Kate Wilson and Ian Finch, partners at the headquarters of law firm James and Wells, in Hamilton, were singled out by influential publication Intellectual Asset Management (IAM) for leading the way in the intellectual property (IP) sector.
IP covers the intangible assets of a business - design, functionality, systems and branding that comes out of an object or idea - and the firm deals with traditional IP patents and trademarking law, as well as strategic solutions like helping clients export IP to foreign markets.
IAM magazine puts out an annual guide of the top strategy practitioners in IP and this year also released an inaugural guide for the best-in-class patent specialists.
Wilson made the list of the 300 best international strategists for the second year running. She was named last year and was the first Kiwi to make the list, while Finch was named in the 1000-strong list of patent litigators.

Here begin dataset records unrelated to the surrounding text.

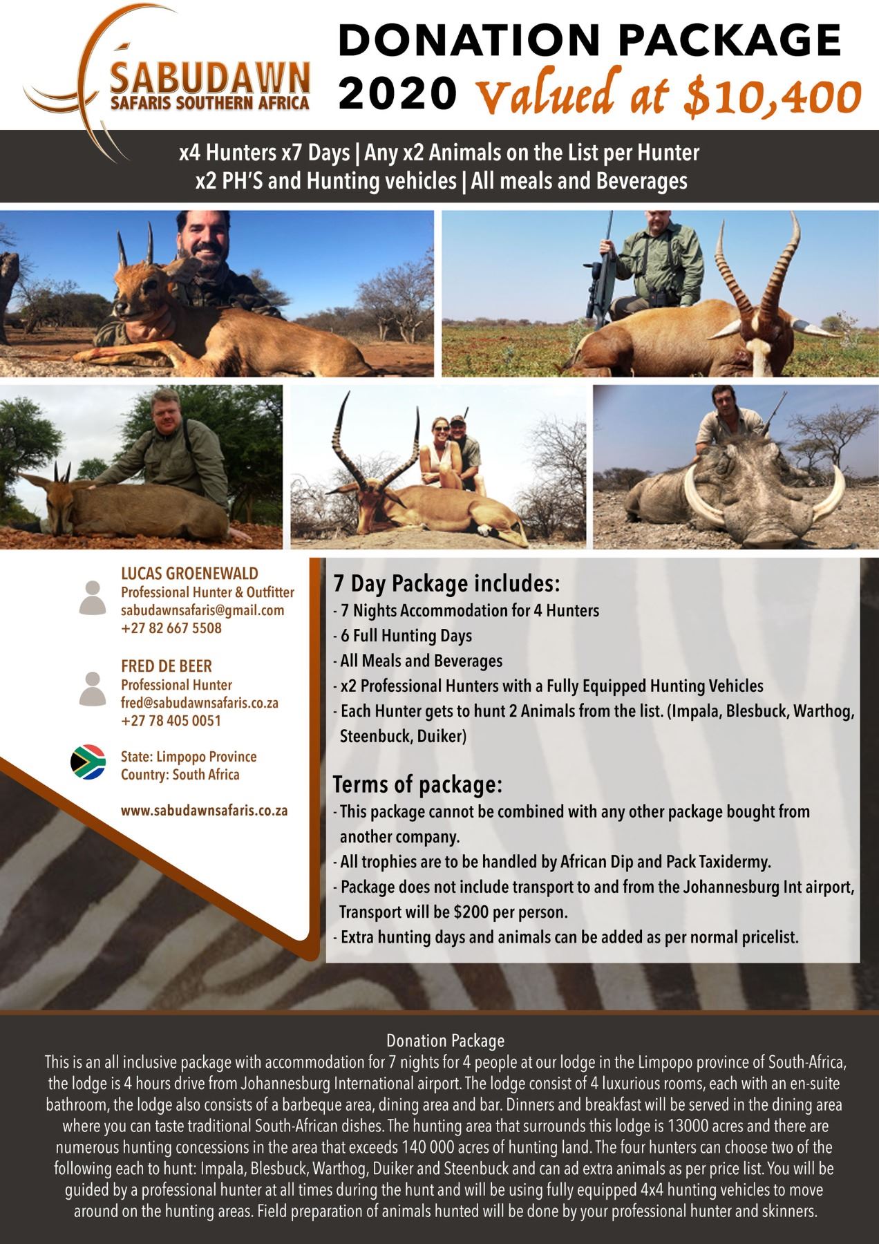 This is an all inclusive package with accommodation for 7 nights for 4 people at our lodge in the Limpopo province of South Africa, the lodge is 4 hours drive from Johannesburg airport. The lodge consists of 4 luxurious rooms, each with an en-suite bathroom, the lodge also consists of a barbeque area, dining area and bar. Dinners and breakfast will be served in the dining area where you can taste traditional South-Africa dishes. The hunting area that surrounds this lodge is 13000 acres and there are numerous hunting concessions in the area that exceeds 140,000 acres of hunting land. The four hunters can choose two of the following each to hunt; Impala, Blesbuck, Warthog, Duiker and Steenbuck and cad add extra animals as per the price list. You will be guided by a professional hunter at all times during the hunt and will be using fully equipped 4x4 hunting vehicles to move around on the hunting areas. Field preparation of animals hunted will be done by our professional hunter and skinners.
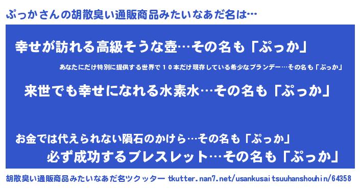 | ヘコむあだ名 | 『ぷっか(苦笑)』『つくし』 |
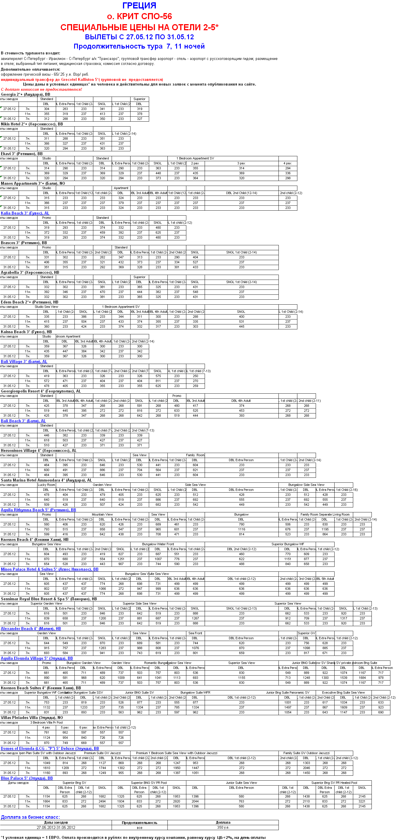 ГРЕЦИЯ КРИТ ВЫЛЕТЫ В МАЕ ОТ 304 У.Е от фирмы ЮЖНЫЙ КРЕСТ |

Auckland-based Simon Rowell is the only other Kiwi to make the lists.
It is another confirmation of quality work for James and Wells which, for the past three years, has been ranked New Zealand's top IP firm.

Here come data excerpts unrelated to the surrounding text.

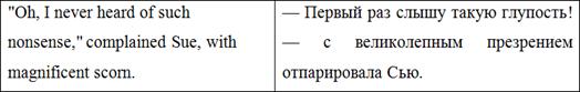 При описании речи Сью, О. Генри использует словосочетание ‘magnificent scorn’, что представляет собой авторский оксюморон -
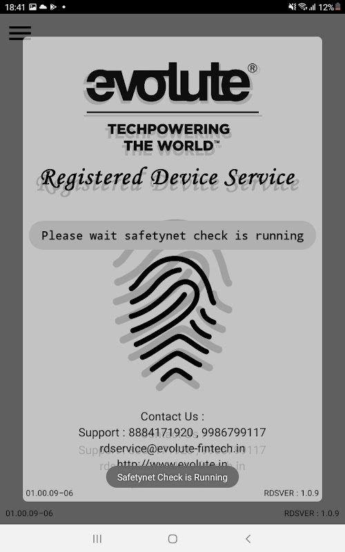 This is Registered Device Service (L0) for Evolute Devices with Fingerprint Scanner for devices LEOPARD, FALCON, IMPRESS, LILY and IDENTI5 provided by Evolute Systems Pvt Ltd. This application is required to use device with AADHAAR authentication. This application captures Fingerprint as per UIDAI guidelines for Aadhar Authentication and eKYC. RD Services for our devices enable your solutions and end users to validate their Fingerprint devices with UIDAI with the help of our Management Server. For registering the Finger print device with UIDAI, you shall require to be in possession of at least one unit of EVOLUTE device. By launching the application and connecting the device, RD services shall complete the necessary processes for registering your device with the UIDAI. RD Service is STQC certified as per UIDAI Registered Device Specification-V2.0.1. Devices are designed for the most ease use while finger placement. Devices are made to withstand large amounts of shock even free fall from as per fall test. In case of any error, you shall be given the appropriate error message with which you can approach our help desk as given below on any working day during office hours.
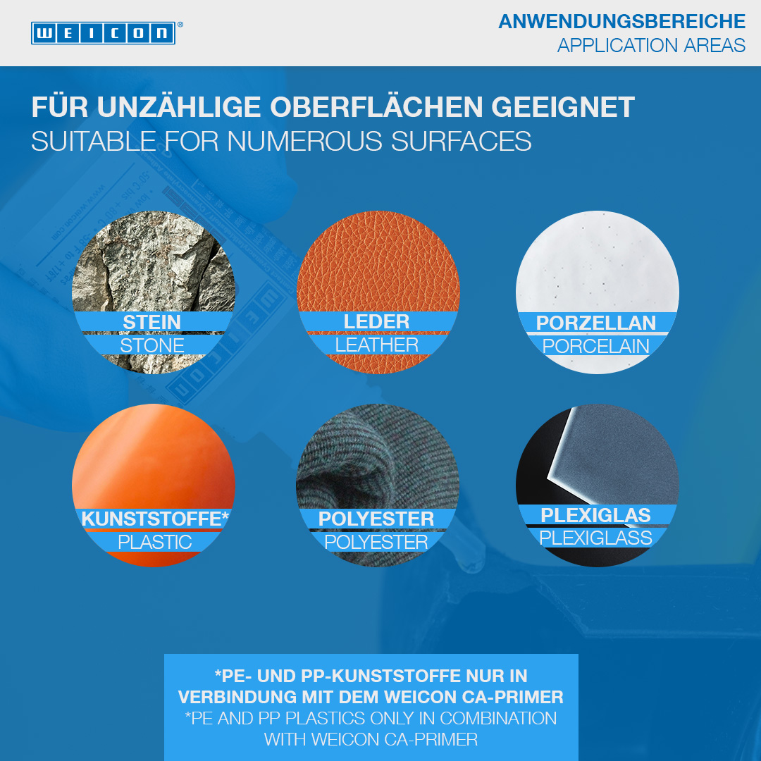WEICON Contact VA 8312 eignet sich für die Verklebung von verschiedenen Gummimaterialien, wie Vollgummi oder Moosgummi, Kunststoffen und von EPDMElastomeren. In Verbindung mit WEICON CA-Primer eignet sich VA 8312 auch für Polyolefine (PE-Polyethylen, PP-Polypropylen). In Verbindung mit WEICON Contact Füller eignet sich WEICON Contact VA 8312 zum Sofort-Verkleben und Füllen von Rissen, Spalten, Löchern und Unebenheiten.
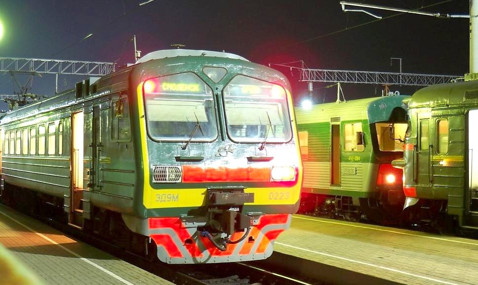 Станция Смоленск. Электропоезд ЭД9М-223 готовится к отправлению на Оршу, на соседнем пути
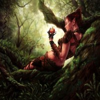 a fantasy scene featuring an elf-like character in a forest setting. The character is shown reclining on the branches of a tree, holding what appears to be an apple or similar fruit in one hand and
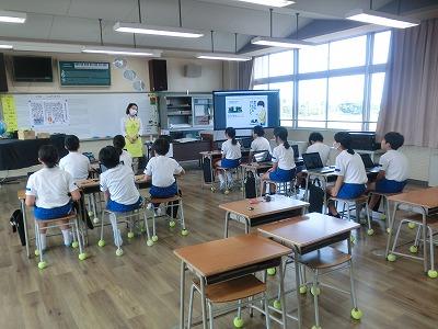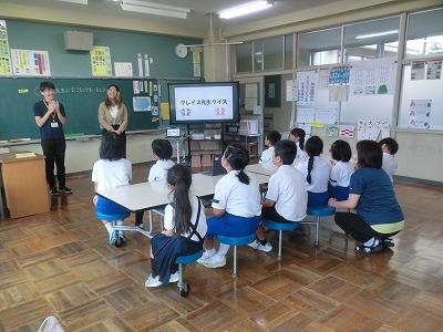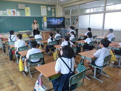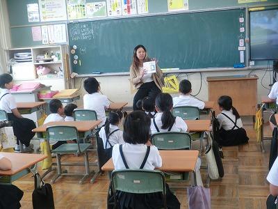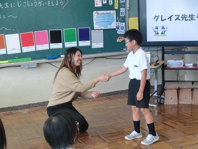 ☆朝自習(3年)・1限(1,2年) 朝自習ではALTのグレース先生が3年生に絵本の読み聞かせをしてくれました。そして、1限目には1,2年生と外国語活動をしました。グレース先生は本日が本校初めての授業でした。これからよろしくお願いします。
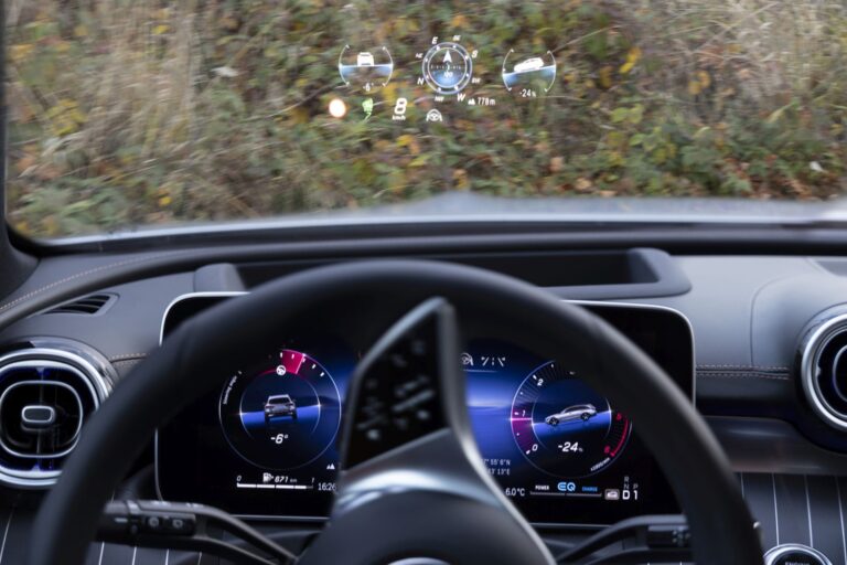 W porównaniu do wcześniejszej serii modeli Klasy C, najnowsza generacja Pakietu Wsparcia Kierowcy oferuje dodatkowe i zaawansowane funkcje. Zmniejszają one obciążenie kierowcy w codziennych sytuacjach, co przekłada się na wygodniejszą i bezpieczniejszą jazdę. W przypadku niebezpieczeństwa systemy mogą pomóc w odpowiedniej reakcji na zbliżającą się kolizję. Nowa koncepcja wyświetlania w wyświetlaczu kierowcy pokazuje, jak działają systemy.
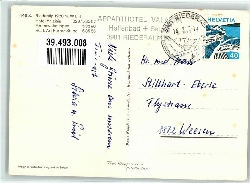 3987 Riederalp - Hotel Valaisia Hüttenstempel Winter
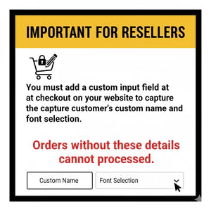 Important for Resellers: You must add a custom input field at checkout on your website to capture the customer’s custom name and font selection. Orders without these details cannot be processed
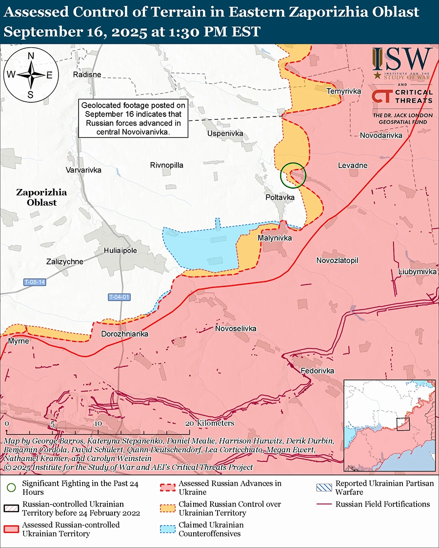 Оценка продвижения России: геолоцированные кадры, опубликованные 16 сентября, указывают на то, что российские войска недавно продвинулись в юго-восточную часть Новоивановки (к северо-востоку от Гуляйполя). [78] По оценкам ISW, российские войска могут попытаться использовать наступление на западе Донецкой области для наступления на запад в северо-восточную Запорожскую область, если российское командование сочтет, что большинство оборонительных укреплений на передовой ориентированы с востока на запад для атак с юга, а не с севера на юг для атак с востока. [79]
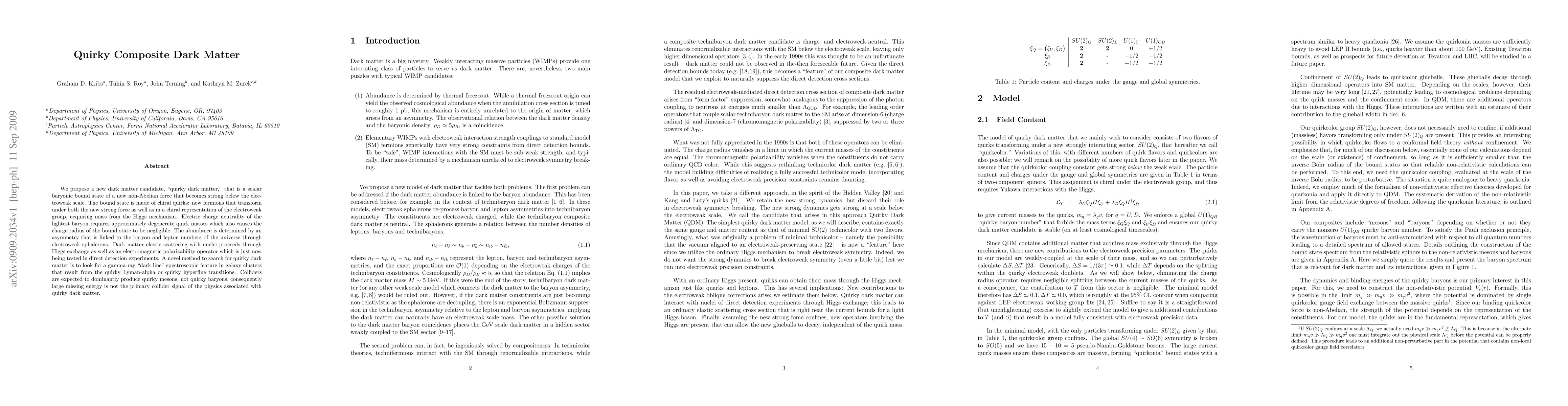 This paper proposes quirky dark matter, a scalar baryonic bound state from a new non-Abelian force, composed of chiral quirks that acquire mass via the Higgs mechanism. The search for this dark matter includes direct detection experiments and gamma-ray spectroscopy in galaxy clusters.

Wilson, who has a background in science, joined James and Wells 25 years ago and works alongside companies like the Gallagher Group as a strategy adviser, identifying where companies can leverage assets and break into overseas markets.
"What I love about it is, for someone who gets bored easily, there's something new every day," Wilson said.

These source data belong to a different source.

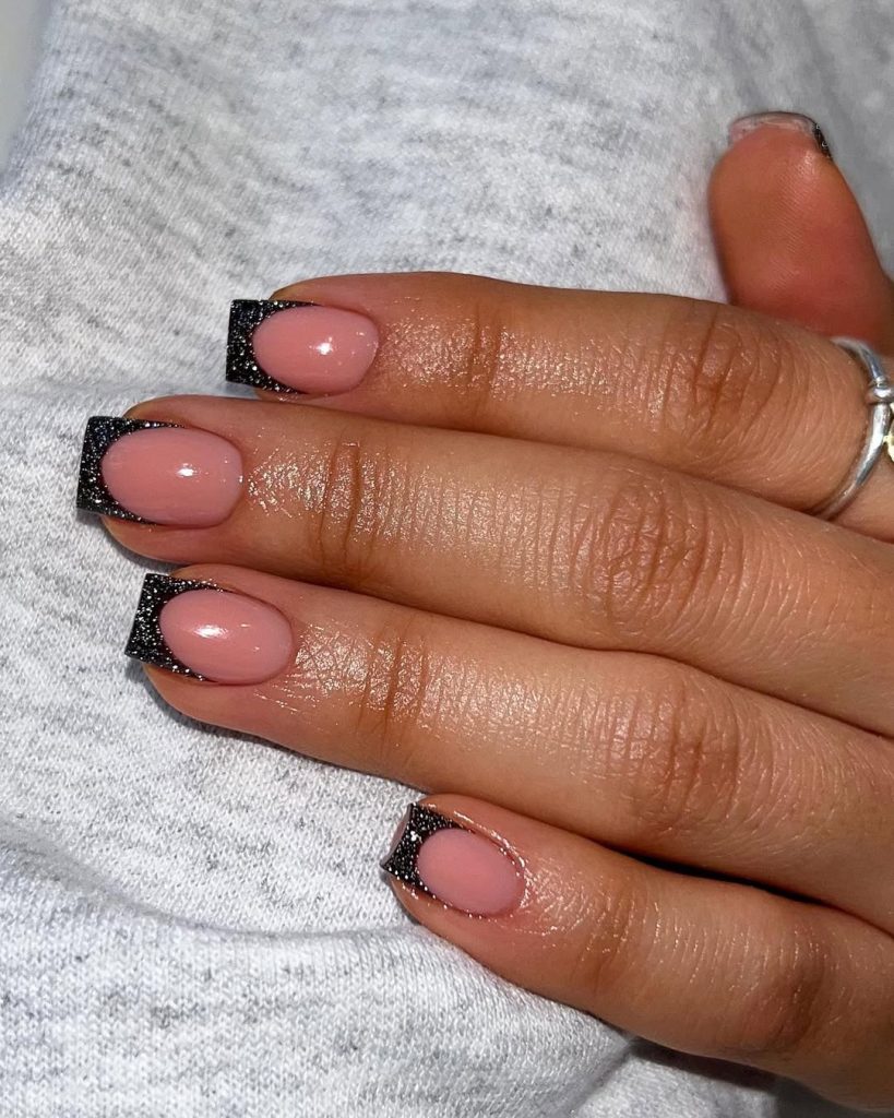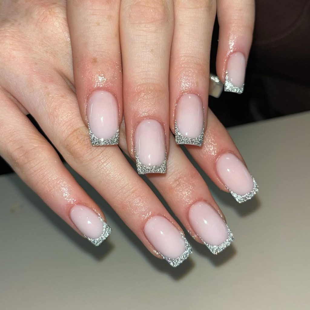 3) Silver Glitter French On Clean Squares
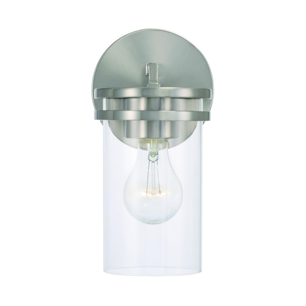 5"W x 9.75"H 1-Light Sconce in Brushed Nickel with Clear Glass
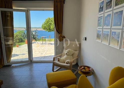 Eine Erdgeschosswohnung direkt über dem Meer mit spektakulärem Blick. Sie besteht aus zwei Apartments mit Schlafzimmern, einem Wohnzimmer und einer Terrasse auf der Südseite.
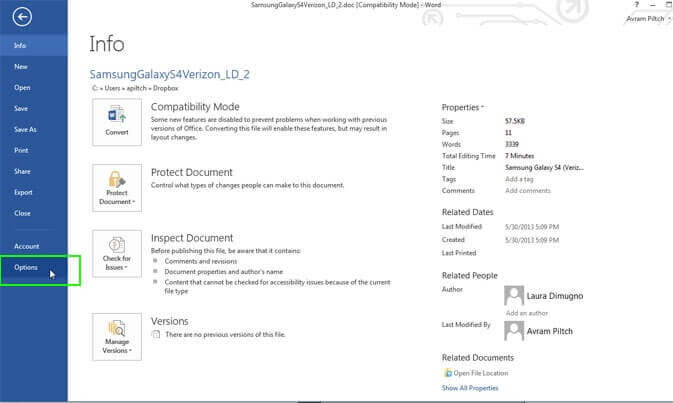 - Gehen Sie zu Datei> Optionen.
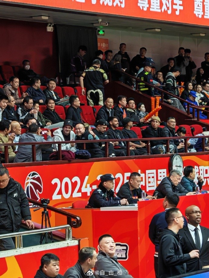 泰山隊博主“自_由_橙”曬出圖片,泰山外援克雷桑、馬德魯加、瓦科、卡扎爾現(xiàn)場觀戰(zhàn)CBA山東高速的主場比賽。
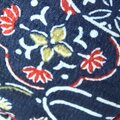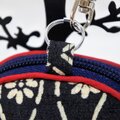 紺色地に吉兆柄文様が描かれた着物をリメイクして作りました。
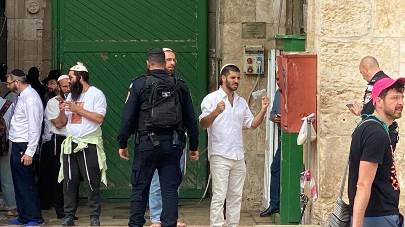 متطرف يؤدي رقصات توراتية خلال مروره من أمام المصلى القبلي pic.twitter.com/zEGhjHh4D6

Finch, the Hamilton firm's managing partner, has a law background and has been involved in IP since starting with the firm 20 years ago. He cites the interface between law and business as the motivator to specialise in the area.
"We don't focus on legal problems, we focus on commercial solutions," he said.
"We're providing pragmatic advice to businesses and helping them go forward and in that regard it's quite a positive area of the law to be involved in when a lot of what lawyers do can be quite negative."
Finch identified the Waikato region as fertile ground for IP, a growing and profitable sector, because of the strength of the dairy industry and the innovative attitude of farmers and spin-off markets, like horticulture, in the area.
But thinking beyond a New Zealand market is where local businesses tend to struggle, he said.
New Zealand files the fourth highest number of domestic patents per capita in the world but in international patent applications, drops to 25th most proactive.
"That to me reflects that there is a discontinuity, people recognise they've got something but they don't see the ability to take it further and that's where we fall down, in strategic thinking."
Around 80 per cent of a company's assets are in intangible forms, Wilson said, and IP is all about identifying those assets and helps companies to protect and develop them.
"People go to the doctor when they're sick, the lawyer when they're in trouble and the accountant when they've got tax problems.
"They come to us because they've got a great idea, they've got something positive that they want to take forward."
Wilson and Finch are advocates of demystifying IP law for the general public.
They say businesses which become better acquainted with IP have a competitive advantage.
The pair want to help businesses understand how they can increase business value through IP and have released basic free-to-access information through the James and Wells website to help generate more versatile thinking.
Plans to develop videos and podcasts with quick lessons about IP are under development and will be added to the free website services.
"It's about setting time aside to look at your business from a strategic viewpoint," Wilson said.